On Jul 25, 2006, at 3:36 PM, David W. Fenton wrote:
I could be wrong here, Andrew, but I thought recent case law changed
this in the US. There was a great deal of coverage in the NY Times
about the problems the new court decisions were causing for those
publishing monographs that were based on private, unpublished
correspondence. I'm pretty certain that US law in regard to
unpublished MSS is now the same as European law, i.e., that the MS
owner holds copyright to its contents, and you can't publish without
their permission.
No, AFAIK a distinction was drawn between the creator's heirs and
other people. If I have a letter from my famous great-grand-dad, I can
copyright it. But if I fail to do so, and then sell it or donate it to
someone else, it enters the public domain. I *can* transfer my rights
in the letter to a third party, though, just as with any other
copyright.
The last time this subject came up on this list, the example was given
of a hypothetical letter by George Washington. The list agreed very
strongly that if I find such a letter at a garage sale, and buy it,
that I cannot by virtue of that copyright the thing.
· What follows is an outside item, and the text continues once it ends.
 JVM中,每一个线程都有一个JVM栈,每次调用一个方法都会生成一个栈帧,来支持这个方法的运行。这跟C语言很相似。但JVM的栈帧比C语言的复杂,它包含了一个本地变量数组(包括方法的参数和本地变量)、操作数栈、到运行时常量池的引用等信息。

The Supremes' decision was based on the fact that congress had never
placed a time limit on the copyrightability of an MS, and so made it
indefinite w. an invitation to congress to act--wh. it has failed so
far to do. The Supremes also placed a time limit on their own decision,
I think 25 years, at the end of which time it was assumed everyone with
a valuable old family archive would have had plenty of time to
copyright it. That 25 years is almost up, and my understanding is that
if no legislation has intervened by then, that the common-law 100-year
limit will be reinstated. I could of course be totally wrong about all
this.
An issue definitely *not* affected by this is the question of unique
copies of old published editions. If a library or individual owns the
only copy of a work whose copyright came and went a century ago, they
can restrict access to the physical copy, but they cannot claim any
intellectual property right in its contents, nor legally prevent its
republication by anyone. I believe the same applies to works published
prior to the institution of copyright, but once again, I may be wrong.
BTW, my own editions of A.P. Heinrich based on MSS in LOC are not
entirely relevant to this discussion. LOC bought the Heinrich
*Nachlass* in 1920 from a used-book dealer, so LOC owns them outright.
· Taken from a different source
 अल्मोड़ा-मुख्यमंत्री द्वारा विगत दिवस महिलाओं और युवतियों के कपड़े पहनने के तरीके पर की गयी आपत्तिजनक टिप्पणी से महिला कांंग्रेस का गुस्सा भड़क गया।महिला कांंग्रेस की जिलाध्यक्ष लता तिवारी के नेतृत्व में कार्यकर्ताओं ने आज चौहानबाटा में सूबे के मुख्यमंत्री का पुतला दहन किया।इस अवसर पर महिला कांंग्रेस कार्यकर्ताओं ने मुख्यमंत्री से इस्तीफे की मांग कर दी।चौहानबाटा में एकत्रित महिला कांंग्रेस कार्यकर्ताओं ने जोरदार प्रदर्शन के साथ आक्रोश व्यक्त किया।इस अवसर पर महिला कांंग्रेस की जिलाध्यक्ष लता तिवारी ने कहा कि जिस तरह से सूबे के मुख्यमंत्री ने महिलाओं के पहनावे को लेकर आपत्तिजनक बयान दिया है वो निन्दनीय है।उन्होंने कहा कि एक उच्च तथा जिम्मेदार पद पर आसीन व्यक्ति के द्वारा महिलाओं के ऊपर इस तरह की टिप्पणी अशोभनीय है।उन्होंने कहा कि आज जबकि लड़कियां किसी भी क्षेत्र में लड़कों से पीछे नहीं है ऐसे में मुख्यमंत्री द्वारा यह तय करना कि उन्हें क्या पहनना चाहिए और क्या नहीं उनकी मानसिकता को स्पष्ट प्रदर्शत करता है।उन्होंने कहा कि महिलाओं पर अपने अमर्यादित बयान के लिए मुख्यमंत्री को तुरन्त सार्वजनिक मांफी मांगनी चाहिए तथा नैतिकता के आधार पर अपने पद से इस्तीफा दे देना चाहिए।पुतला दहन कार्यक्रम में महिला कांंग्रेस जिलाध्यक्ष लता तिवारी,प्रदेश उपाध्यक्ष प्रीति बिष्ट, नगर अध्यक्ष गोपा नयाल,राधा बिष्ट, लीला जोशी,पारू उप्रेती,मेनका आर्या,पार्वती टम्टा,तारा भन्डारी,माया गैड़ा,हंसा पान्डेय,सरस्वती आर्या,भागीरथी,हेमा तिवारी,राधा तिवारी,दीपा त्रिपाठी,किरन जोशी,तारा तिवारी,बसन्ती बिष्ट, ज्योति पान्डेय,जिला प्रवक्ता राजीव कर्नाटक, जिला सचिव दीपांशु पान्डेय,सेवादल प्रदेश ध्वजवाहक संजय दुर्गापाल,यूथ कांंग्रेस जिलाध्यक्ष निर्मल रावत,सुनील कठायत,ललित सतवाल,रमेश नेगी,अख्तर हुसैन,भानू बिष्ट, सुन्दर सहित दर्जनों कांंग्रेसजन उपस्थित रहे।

The library's holdings are legislatively defined as belonging to the
entire American people, so these MSS are unquestionably PD even if
current law says that the 3d-party owner of an antique MS may copyright
it.
. . . The copyright in such an edition
belongs to the creator of that edition absolutely, and does not
require the approval of the library holding the MS. I have published
numerous such editions, and believe me, I know what I'm talking about.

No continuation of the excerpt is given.